As you can imagine, the government agency review timeline for CEQA projects is relatively unpredictable but certainly lengthy depending on the details of the project. Still, for private projects, an agency has 30 days to review an application and to let the applicant know if additional information is required, which can be extended by an additional 15 days with the applicant’s consent. A Negative Declaration for “certain private projects” should be completed within 180 days from the date the application was deemed complete per the CEQA Guidelines, and EIRs should be completed by one year. Time limits may be extended for a variety of certain circumstances outlined in the law. Regarding the Initial Study, the actual processing review time frame may span several weeks or even months. In reality, about 12 to 18 weeks is typical to just get to a Negative Declaration. And a standard EIR determination can easily take up to a year or more to complete.

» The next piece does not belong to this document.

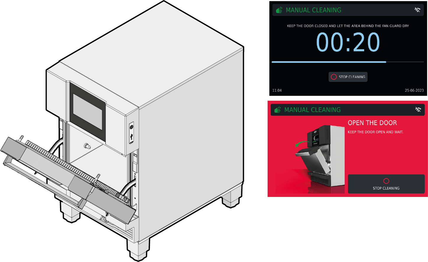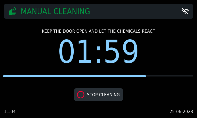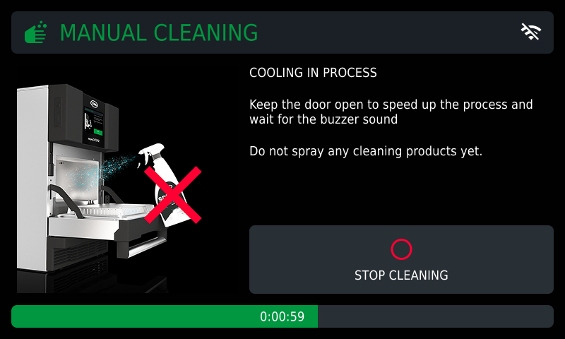 After spraying the UNOX SPRAY&Rinse detergent, LEAVE THE OVEN DOOR OPEN and wait for the cleaning process to finish (approx. 10 minutes). The time elapsed is shown on the screen.

What’s been happening to a lot of licensees is that they try to avail themselves of certain CEQA exemptions by submitting to the state cannabis agencies CEQA documents from their cities or counties in which their “cannabis projects” are situated where those documents provide Negative Declarations regarding the local governments’ cannabis ordinances. This though does not absolve licensees of having to comply with CEQA as their individual “projects” have to receive Negative Declarations or EIRs.

In attempt to remedy California’s licensing woes, on June 14, the Assembly passed a plan to deploy $100 million to California’s cannabis industry. These funds are supposed to assist local governments regarding licensee CEQA compliance to ensure more annual licensing. While it’s great to see the state support this still emerging industry, I question whether this financial infusion will do much to ease the pain of dealing with CEQA, since potential licensees must still undergo these potentially draining, lengthy, and wildly expensive environmental reviews. Moreover, it’s highly unlikely that cannabis businesses will receive some special carve out from CEQA compliance when it comes to the laws and statutes in play.

Bottom line: So much of the problematic California cannabis regime is directly attributable to CEQA compliance requirements. Cities and counties will now be better equipped and staffed to deal with CEQA compliance and cannabis businesses with this million dollar boost, but it won’t be enough. Licensees will still need to help themselves by coming up to speed on the complexities and nuances of CEQA compliance if they have any hope of securing annual licenses in California.